A large number of broker notes have hit the wires this week, leading to many popular shares being declared buys and sells.
Three shares that are in favour with brokers and have been given a buy rating are listed below. Here's why they are bullish on them:
Appen Ltd (ASX: APX)
According to a note out of Citi, it has retained its buy rating and lifted the price target on this fast-growing tech company's shares to $32.99 following the release of its half year results. The broker was pleased with its update and doesn't appear to have any concerns over the slow start made by the Figure Eight business. Overall, it suspects that management's guidance for the full year is conservative and has upgraded its forecasts for the near term. I agree with Citi and feel Appen would be a quality option for investors to consider buying today.

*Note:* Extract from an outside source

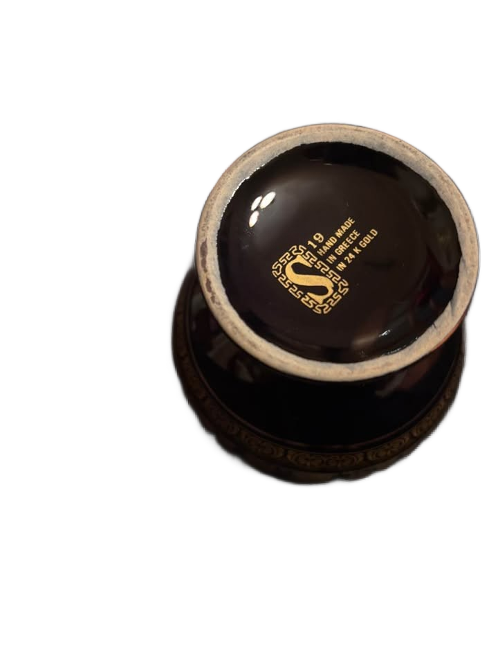 Beautiful and unique piece ! The combination of handmade porcelain and 24 K gold trims is stunning . The size is 10” tall and 5” wide, makes it a lovely addition to any home decor . Spyropolos designs are inspired by Ancient Greece and known for their intricate details ,traditional Greek motifs , and black color. Perfect for collectors .

Freedom Foods Group Ltd (ASX: FNP)
Another note out of Citi reveals that its analysts have retained their buy rating and $5.65 price target on this diversified food company's shares following the release of its strong full year results. According to the note, its analysts were pleased to see Freedom Foods smash its estimates in FY 2019 and report widening margins. Another bonus is that the broker believes its intensive capital expenditure cycle could be coming to a close, which is likely to be a big boost to its overall performance in the coming years. I think Citi is spot on with Freedom Foods as well and believe it could be a great long term investment.
Prospa Group Limited (ASX: PGL)
A note out of the Macquarie equities desk reveals that its analysts have retained their outperform rating and $5.25 price target on this online lender's shares after it delivered a full year result ahead of its prospectus forecasts. Macquarie was pleased with its performance in FY 2019 and appears optimistic that there will be more of the same in the coming years if the company can execute its growth strategy successfully. Whilst I'm not a buyer of its shares just yet, I think it is well worth keeping a close eye on its performance in FY 2020.